Lacroix, Emmanuel Matte


 

 Avec "Idiot ! parce que nous aurions dû nous aimer", Vincent Macaigne, star montante du jeune cinéma français, reprend une pièce qu’il avait créée en 2009. Démarche de recréation qui n’est pas déterminée par un désir de faire entrer en collusion les mots de Dostoïevski avec les questions contemporaines. Et pourtant - et c’est là tout l’intérêt du théâtre -, avant l’entrée dans la salle du Théâtre de la Ville, un trouble particulier se diffuse parmi les spectateurs : de loin, avant même de traverser la rue, on aperçoit le symbole des intermittents, désormais fixé dans notre mémoire visuelle. Une foule compacte s’agite au son de clameurs. De là à croire qu’une manifestation risque de perturber le bon déroulement du spectacle, il y a un pas qu’on franchit aisément.

 C’est pourtant le spectacle de Macaigne qui commence, bien avant qu’on pé
nètre dans la salle. Et c’est déjà la première réussite du metteur en scène : jeter le spectateur dans un maëlstrom de voix, de musiques, avant qu’il ne gagne sa place numérotée. On se sent comme pris dans une tenaille dans les escaliers, tandis que s'élèvent les voix de jeunes figurants se taillant en premier un chemin vers la salle. Ces jeunes qui, peu à peu, vont s’installer sur le devant de la scène, dans des positions pas toujours confortables, avant, plus tard, de se disséminer vers d’hypothétiques places.

 Cette invasion du dehors sur la scène, est déjà une belle manière d’interroger le rapport à la contemporanéité d’un texte célèbre, en mettant en avant le corps, jusqu'à ce que la parole ne s’installe d’une manière martiale. Cette façon de fêter l’anniversaire de Nastassia Filippovna (abusée par son père, qui cherche à la marier au plus offrant), prend alors des allures de trip techno tonitruant, comme si le spectateur était convié à une grande soirée. L’oreille va alors être beaucoup sollicitée (des bouchons d’oreille sont distribués à l’entrée de la salle), tout comme le spectateur, interpellé, s’installe au fond dans la peau d’un acteur. C’est l’un des mérites principaux de "Idiot !.." que de nous livrer, face à un texte d’une telle ampleur, le sentiment d’une immédiateté ; de nous proposer un espace conçu comme une installation.

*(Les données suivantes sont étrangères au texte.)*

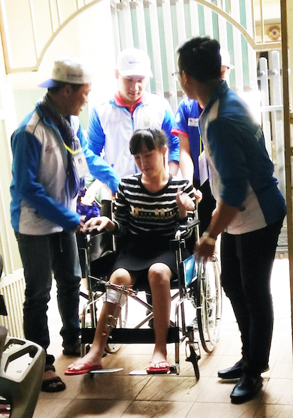 Do phòng thi ở tận tầng 3 nên sinh viên tình nguyện phải khiêng cả cô gái và xe lăn qua những bậc cầu thang nhỏ hẹp. Tình nguyện viên Bùi Thị Hồng Gấm (sinh viên năm nhất Đại học Đà lạt) nói các bạn nam khiêng rất vất vả, còn em mang giúp cặp sách của thí sinh.

 Et le texte de Dostoïevski dans tout ça ? Macaigne a choisi de le faire dire par ses comédiens comme on jette des salves vengeresses à la société. Soutenus par des micros, ils crient souvent, mais la démarche de Macaigne serait à envisager comme une profération soutenue, moins dialoguée que fondée sur un déferlement de longs monologues philosophiques. Il y a par là une exigence de parole à transmettre, et qui doit à tout prix être entendue. Dans le cri, il y a aussi la peur de rater son désir de transmission. Cette parole tendue, vibratoire, est aussi faite pour que chaque personnage se débatte devant un sentiment de fuite, comme si devant un monde en transformation, il fallait marteler sa présence.

 Avec cette optique de capharnaüm, qui épargne à peine les spectateurs du premier rang - à qui on a remis une bâche en plastique pour se protéger de certains jets -, Macaigne évacue quelque peu la dimension métaphysique présente chez Dostoïevski. Mais son option n’empêche pas l’œuvre d’être cernée d’une certaine forme d’inquiétude, de celle qui gagne par exemple des personnages placés face à un monde en marche, en perpétuelle évolution, confrontés autant à la perte de valeurs qu’aux progrès techniques - il en est ainsi dans la pièce du chemin de fer, qui résonne étrangement avec nos récentes découvertes, comme celle du sida : le chemin de fer envisagé comme un moteur de l ’évolution, tout comme phénomène de propagation de maladie.

 Dans cet univers de cris et de fureur, les comédiens arrivent à tirer leur épingle du jeu. On est en revanche un peu réservé sur la présence de Macaigne qui, en grand officiant dirigeant parfois des scènes, leur fait perdre un peu de spontanéité. Malgré cela, les quatre heures de "Idiot ! parce que nous aurions dû nous aimer"
contiennent une richesse qui en fait l’un des spectacles les plus stimulants de cette rentrée.